**WORK TASK**
Each line below should be quoted exactly, please.
** DATASET EXTRACT follows **
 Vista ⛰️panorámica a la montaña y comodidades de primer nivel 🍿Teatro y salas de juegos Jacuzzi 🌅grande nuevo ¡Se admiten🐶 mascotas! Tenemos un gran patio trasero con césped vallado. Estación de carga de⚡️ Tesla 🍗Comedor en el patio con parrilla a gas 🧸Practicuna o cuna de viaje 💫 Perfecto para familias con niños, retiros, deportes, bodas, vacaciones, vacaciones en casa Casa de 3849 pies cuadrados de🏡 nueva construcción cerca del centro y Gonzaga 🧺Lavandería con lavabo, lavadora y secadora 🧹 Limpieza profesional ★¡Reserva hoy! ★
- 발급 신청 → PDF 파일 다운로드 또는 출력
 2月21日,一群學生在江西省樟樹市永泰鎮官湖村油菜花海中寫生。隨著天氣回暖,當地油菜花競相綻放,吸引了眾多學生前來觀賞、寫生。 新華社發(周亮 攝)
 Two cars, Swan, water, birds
** End of DATASET EXTRACT **
**TASK ANSWER**
 Vista ⛰️panorámica a la montaña y comodidades de primer nivel 🍿Teatro y salas de juegos Jacuzzi 🌅grande nuevo ¡Se admiten🐶 mascotas! Tenemos un gran patio trasero con césped vallado. Estación de carga de⚡️ Tesla 🍗Comedor en el patio con parrilla a gas 🧸Practicuna o cuna de viaje 💫 Perfecto para familias con niños, retiros, deportes, bodas, vacaciones, vacaciones en casa Casa de 3849 pies cuadrados de🏡 nueva construcción cerca del centro y Gonzaga 🧺Lavandería con lavabo, lavadora y secadora 🧹 Limpieza profesional ★¡Reserva hoy! ★
- 발급 신청 → PDF 파일 다운로드 또는 출력
 2月21日,一群學生在江西省樟樹市永泰鎮官湖村油菜花海中寫生。隨著天氣回暖,當地油菜花競相綻放,吸引了眾多學生前來觀賞、寫生。 新華社發(周亮 攝)
 Two cars, Swan, water, birds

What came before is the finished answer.